Я подошла к большой центральной лестнице, по которой мы обычно спускались в парадный зал на ужин, быстро пересекла ее и вошла на незнакомую мне мужскую территорию. Проходя мимо швейцарских охранников, я отвернулась, притворившись крайне занятой. Никто не остановил меня… Юноши, наверное, тоже готовились к ужину.
Внезапно справа открылась дверь, выпуская облачко пара, из которого выступил молодой человек с банным полотенцем на бедрах. В мускулистых руках он держал сверток с одеждой. Обнаженный торс, мокрые волосы и румяные от купания щеки смутили меня. Я узнала Тристана де Ля Ронсьера.

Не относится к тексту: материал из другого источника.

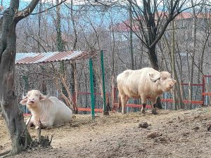 Tot din Sibiu au ajuns și doi bivoli albi, un mascul de 18 ani și o femelă de 14 ani, animale care se bucură de condiții excelente și pot trăi până la 30 de ani.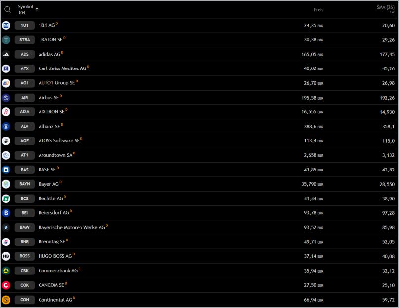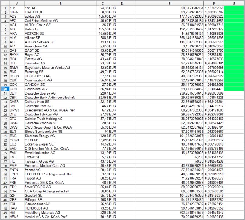 Zuerst lade ich eine List des kompletten HDax, wie nachfolgend abgebildet und exportiere diesen in eine Tabellenkalkulation.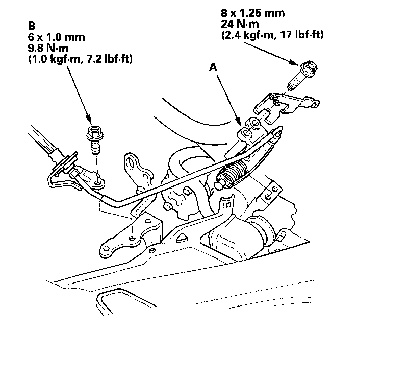 32. Remove the shift cable covers (A), then remove the shift control cable (B) (A/T).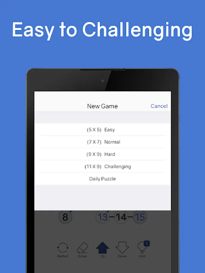 ✔ Endless puzzles. Over 50,000 number puzzles in various difficulty levels including 5x5, 7x7, 9x9, 11x9, 12x10, all for free.

– Диана де Гастефриш? – воскликнул он. – Что вы здесь делаете?
– Я… э… Я ищу почту, – пролепетала я, отводя взгляд от рельефного пресса. И тут же добавила: – Мадам Тереза попросила меня принести письмо.
– Правда? Подождите, я переоденусь и отведу вас туда.
Не дав мне опомниться, он скрылся в умывальне и вскоре вышел, одетый в рубашку, кюлоты и чулки.
– Мадам Тереза отправила вас вместо слуги, потому что вы деревенская?
На его лице появилась усмешка, которую мне тут же захотелось стереть пощечиной.
Но я лишь изящно улыбнулась:
– Ха-ха, очень смешно! Только вы неправильно поняли. Я вызвалась сама, потому что речь идет о письме из Оверни. И оно касается непосредственно меня.